A sales turnover is the number of items or services a company sells during an accounting year or a specific timeframe. It helps businesses ensure that a company has enough inventory to complete orders on time and determine whether they need a restock.

In this article, we’ll unveil the importance of calculating sales turnover and ways to do it. We’ll also make the difference between a sales turnover and revenue clear.

Why is calculating your sales turnover important?

Estimating sales turnover for a business is crucial since it helps calculate revenues, manage inventory, and avoid unnecessary spending. After figuring out the measure, a company owner can assess the profitability of the brand and take the necessary measures to improve it. The figure also provides brands with a clear understanding of the number of items in stock and the number purchased. Having a clear picture of inventory is essential since it prevents customers from inconveniencing by waiting for weeks for the order to arrive. It can happen when a company has many orders and insufficient stock to fulfill them.
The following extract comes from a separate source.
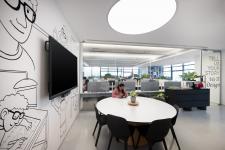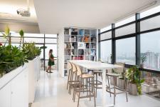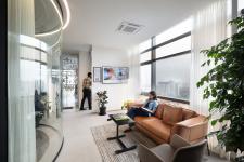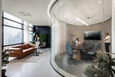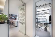 The studio is envisioned as a calm dynamic workspace, where every design move is deeply rooted in intuition and intention. Anchored by a unique capsule-shaped conference room near the entrance, the space gently orchestrates transition between the formal and informal zones, setting a collaborative tone from the outset. The south-facing area is intentionally reserved for interactive functions like the material library and meeting rooms to harness daylight while protecting focused workspaces from glare and heat. Tucked away behind the central meeting room, a secluded breakout area offers a quiet, comfortable retreat. The open office is carefully balanced and structured to support concentration, yet open enough to encourage spontaneous dialogue. Zoning subtly defines areas for deep work and shared energy. This area enjoys abundant natural light throughout the day and transitions to soft, indirect illumination by evening. A hybrid cooling system paired with ceiling fans enhances thermal comfort and energy efficiency. The design reflects a holistic approach, which is responsive, restrained and deeply human. It is not just about how we work, but how we feel while working.
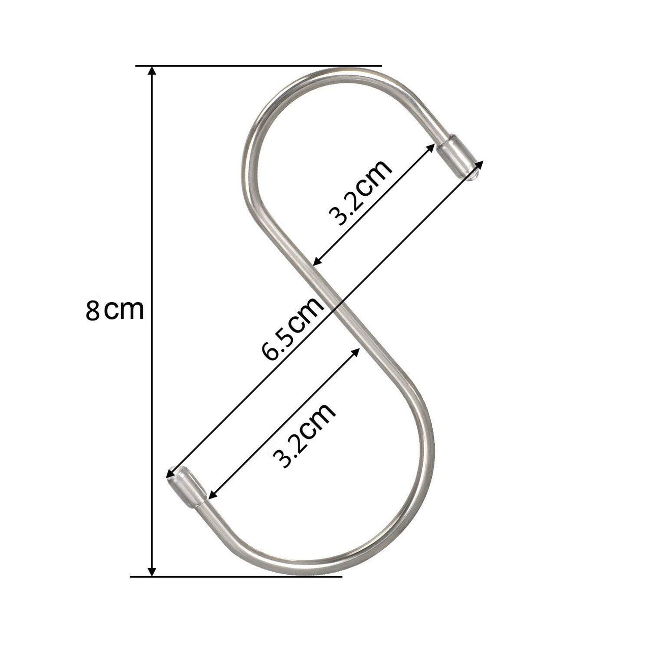S字フックサイズ:長さ約8cm、幅約3.2cm、厚さ約0.3cm。

The sales turnover rate is especially useful during the holiday season when there are great promos and discounts and people rush to buy items for an attractive price. Calculating sales turnover helps business owners make sure that they have enough products for their customers. There are even more reasons to calculate your sales turnover. It enables you to:

  • identify growth and success rates;
  • find out new effective advertising strategies;
  • calculate the number of items purchased and available;
  • estimate common revenue;
  • calculate returns.

Now that you know why estimate sales turnover, let’s proceed to the next section to compare sales turnover and revenue to avoid any confusion about these two terms.

Sales Turnover vs Revenue

Since people often misinterpret these terms and use them interchangeably, we need to uncover the difference. We’ll review each concept in detail so that you can identify them within your business.
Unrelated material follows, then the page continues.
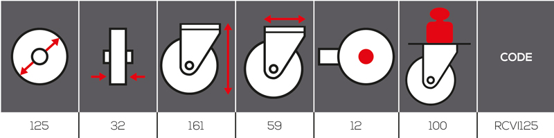 Gabelkopf und Rad aus hochwertigem Nylon, Drehpunkt auf doppelter Kugelreihe, Befestigung mit Edelstahlschraube (12 x 30), die durch das Auge geführt wird. Rad aus Polypropylen mit nicht färbender thermoplastischer Gummibandage.

Sales turnover defines the number of items customers purchase from a specific business within a given timeframe, usually a year. It unveils the effectiveness of inventory management and helps control it. With its help, company owners always keep their hands on the pulse when a brand needs to buy new inventory or sell old items. After calculating sales turnover, brands can identify the right production levels to help prevent overstock or shortage of items.

Revenue defines the amount of money a brand receives from selling its products. It allows businesses to assess their profitability, size, success, customer base, and share. After estimating the measure, company owners can decide what steps to take next: produce more products or change their strategy to win more clients.

Now that you know the difference, it’s time to uncover how to calculate the measure.

How to calculate your sales turnover?

In this section, we’ll provide you with short instructions on how to identify the measure for your company. Let’s dive in.

  1. Determine the sales period. If you need to calculate the indicator, identify the sales period. You should have accurate data for this timeframe to estimate the right measure. Make sure to select a completed sales period you hold full information of. Remember, getting the right figures for a running sales period is impossible. For your estimations, you can define a monthly, quarterly, or annual sales period.
  2. Calculate the cost of goods sold (COGS). The next step involves identifying the cost of your items. To find out COGS, you need to sum up the initial and additional inventory expenses. After you finish with this step, subtract the total number of ending inventory from it. The final figure will be the cost of goods sold.
  3. Identify average inventory. Determining your average inventory requires you to sum up your starting and ending inventory. After, divide the sum by two.
  4. Estimate sales turnover ratio. Finally, to figure out the turnover ratio, you need to divide COGS by the average inventory. The figure you will get is your sales turnover ratio.

Say there’s a company owner who wants to estimate annual sales turnover to find out how many items it’s vital to provide the necessary products to consumers in the upcoming year. Brand’s team calculated that the company had $400,000 in starting inventory, $100,000 of extra inventory expenses, and $40,000 of ending inventory. The team estimates that COGS is $460,000 (subtracting ending inventory from the sum of starting inventory and extra inventory expenses).

The next step is calculating the average inventory. They add the cost of starting inventory to the ending. It’ll be $400,000 + $40,000 = $440,000. After, divide by two. The final result will be $220,000.

Finally, they need to divide the cost of goods sold by their average inventory. It’ll be $460,000 / $220,000 = 2.09. This means that the company succeeded in selling average inventory more than two times during one year period.

Congrats, now you know what a sales turnover is and why it’s crucial. Hope that our guide will come in handy when estimating it for your company.